Recently, I read an article written by a law firm, which tells the story of one retailer who fought back against the serial plaintiff’s that files multiple ADA lawsuits.eddie_bauer

Since I deal with these very issues on a daily basis, I was curious to see how the courts ruled in these cases. I am pleasantly surprised to see that “Common Sense” is making a comeback!

Eddie Bauer LLC, a national retailer, recently fought back against frivolous “accessibility discrimination” lawsuits that serial plaintiffs brought under the Americans with Disabilities Act “ADA” and similar state laws, such as the California Disabled Persons Act “CDPA” and the Unruh Act. The company won summary judgment in several cases filed by many of the same plaintiffs and same attorneys at different store locations.

Earlier this year Eddie Bauer secured a favorable verdict on all claims against a serial litigant in the U.S. District Court for the Central District of California.  During the trail, the plaintiff alleged that he encountered a number of physical or architectural barriers that prevented him from enjoying full and equal access to an Eddie Bauer outlet store in violation of the ADA, the CDPA, and the Unruh Act.

The alleged barriers included:

1)    A checkout counter that was too high to accommodate a patron in a wheelchair.
2)    A dressing room bench that was too long
3)    The absence of an international Symbol of Accessibility “ISA”
4)    Aisles that were cluttered with merchandise, impeding the plaintiffs ability to navigate through the store

The District Court judge ruled in favor of Eddie Bauer on all claims and, in the process, made some significant rulings. While they are not binding on any other district court judge, they do provide useful support for other defendants who want to fight these frivolous lawsuits.

Here are some of the highlights:
1)    No ADA violation where an “equivalent facilitation” is provided. The Court held that there is no violation of the ADA if places of public accommodation provide an “equivalent facilitation” that allows access. The dressing room bench was 60” long not 48” which stated in the code. The court held that the longer and wider bench provided at least “substantially equivalent” access to a 48” bench.

2)    No ADA liability if alleged barriers are fixed before trial. The court found that there is no liability under the ADA if alleged barriers to access are remedied prior to trail, because the ADA provides for only injunctive relief. Thus, the plaintiff’s claim that the store’s entrance did not have an ISA sign was rendered moot when Eddie Bauer subsequently installed an ISA sign to the entrance, and Eddie Bauer could not incur liability under the ADA.

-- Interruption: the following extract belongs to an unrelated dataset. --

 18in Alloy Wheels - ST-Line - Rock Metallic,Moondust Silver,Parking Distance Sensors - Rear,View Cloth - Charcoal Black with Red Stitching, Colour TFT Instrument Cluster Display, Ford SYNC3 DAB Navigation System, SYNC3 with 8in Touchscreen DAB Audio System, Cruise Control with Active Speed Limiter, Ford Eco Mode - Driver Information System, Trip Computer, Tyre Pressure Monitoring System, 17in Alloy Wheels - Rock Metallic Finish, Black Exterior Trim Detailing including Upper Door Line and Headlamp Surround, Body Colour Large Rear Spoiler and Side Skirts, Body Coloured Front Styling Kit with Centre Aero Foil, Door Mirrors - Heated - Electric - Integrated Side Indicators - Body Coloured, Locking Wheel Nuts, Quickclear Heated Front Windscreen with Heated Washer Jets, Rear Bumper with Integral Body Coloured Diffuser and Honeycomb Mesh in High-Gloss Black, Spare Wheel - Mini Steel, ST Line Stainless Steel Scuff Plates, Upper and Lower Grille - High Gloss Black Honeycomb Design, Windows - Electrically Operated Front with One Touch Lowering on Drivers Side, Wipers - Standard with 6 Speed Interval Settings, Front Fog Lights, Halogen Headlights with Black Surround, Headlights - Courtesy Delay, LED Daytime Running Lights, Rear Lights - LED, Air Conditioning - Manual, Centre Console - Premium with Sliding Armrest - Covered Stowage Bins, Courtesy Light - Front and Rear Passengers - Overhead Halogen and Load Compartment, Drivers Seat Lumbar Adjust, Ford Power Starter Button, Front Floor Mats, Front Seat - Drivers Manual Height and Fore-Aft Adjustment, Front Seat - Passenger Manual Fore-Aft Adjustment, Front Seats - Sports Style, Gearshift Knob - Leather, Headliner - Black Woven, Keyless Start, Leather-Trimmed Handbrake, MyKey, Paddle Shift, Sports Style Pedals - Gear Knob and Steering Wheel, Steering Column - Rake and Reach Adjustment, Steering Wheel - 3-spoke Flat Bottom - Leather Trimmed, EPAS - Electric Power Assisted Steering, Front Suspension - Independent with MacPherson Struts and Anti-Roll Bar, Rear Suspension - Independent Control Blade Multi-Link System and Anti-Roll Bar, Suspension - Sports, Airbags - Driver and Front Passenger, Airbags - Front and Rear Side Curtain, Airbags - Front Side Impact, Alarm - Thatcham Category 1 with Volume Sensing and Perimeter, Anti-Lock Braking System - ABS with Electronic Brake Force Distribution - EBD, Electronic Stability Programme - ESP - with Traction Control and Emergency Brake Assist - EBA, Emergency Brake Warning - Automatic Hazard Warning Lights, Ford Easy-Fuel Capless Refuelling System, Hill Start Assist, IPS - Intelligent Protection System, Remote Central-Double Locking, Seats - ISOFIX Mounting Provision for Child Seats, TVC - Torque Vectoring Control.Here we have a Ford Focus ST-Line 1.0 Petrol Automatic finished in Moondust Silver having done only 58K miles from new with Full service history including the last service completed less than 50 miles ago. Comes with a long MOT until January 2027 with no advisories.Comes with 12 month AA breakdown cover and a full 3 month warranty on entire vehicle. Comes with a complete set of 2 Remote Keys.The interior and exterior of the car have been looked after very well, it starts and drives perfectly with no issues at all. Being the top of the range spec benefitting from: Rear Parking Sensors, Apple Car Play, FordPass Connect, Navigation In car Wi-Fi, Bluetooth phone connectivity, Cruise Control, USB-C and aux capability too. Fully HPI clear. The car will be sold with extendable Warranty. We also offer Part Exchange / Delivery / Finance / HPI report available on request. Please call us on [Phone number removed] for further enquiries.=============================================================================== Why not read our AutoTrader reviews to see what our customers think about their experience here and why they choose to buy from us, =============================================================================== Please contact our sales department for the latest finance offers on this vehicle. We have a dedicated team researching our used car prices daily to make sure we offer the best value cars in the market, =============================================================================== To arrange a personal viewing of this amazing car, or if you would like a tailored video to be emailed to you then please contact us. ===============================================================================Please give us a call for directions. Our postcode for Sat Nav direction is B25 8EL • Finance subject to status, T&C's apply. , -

3)    Moveable displays are not unlawful barriers to accessibility. The court rejected the plaintiff’s claim that the aisles in the store were too narrow because there was “too much clothing on the floor”. Finding that the store had a policy of maintaining 48” aisles and moving any merchandise upon request, the court concluded the store met the applicable standard, and that there was no ADA violation. The court also offered the common sense conclusion that, “if clothing falls on the floor, it is easily moveable.”

4)    Plaintiff must provide specific measurements to establish a violation of the ADA. The plaintiff claimed that the stores check out counter to not meet a 36” max height requirement. However, the court held that, in order to establish a prima facie case of violation of ADA, the plaintiff bears the burden of providing precise measurements of any alleged ADA violation. Since the plaintiff could only offer estimates of the counter height it was found that they could not meet the burden of proof.

5)    No liability under California’s accessibility statutes unless plaintiff can prove he was deterred/ prevented from access or he experienced “difficulty, discomfort, or embarrassment.” The court found that the plaintiff could not meet his burden of proof that he was deterred from access to the store because he encountered no problem entering the store and making a purchase. Further, the plaintiff testified that he did not experience  difficulty, discomfort, or embarrassment based on any of the alleged barriers.

For those of us business owners out there, this is a major shot in the arm. The fact that the courts here in California are ruling with logic and common sense is exciting indeed.  These frivolous ADA lawsuits have to stop!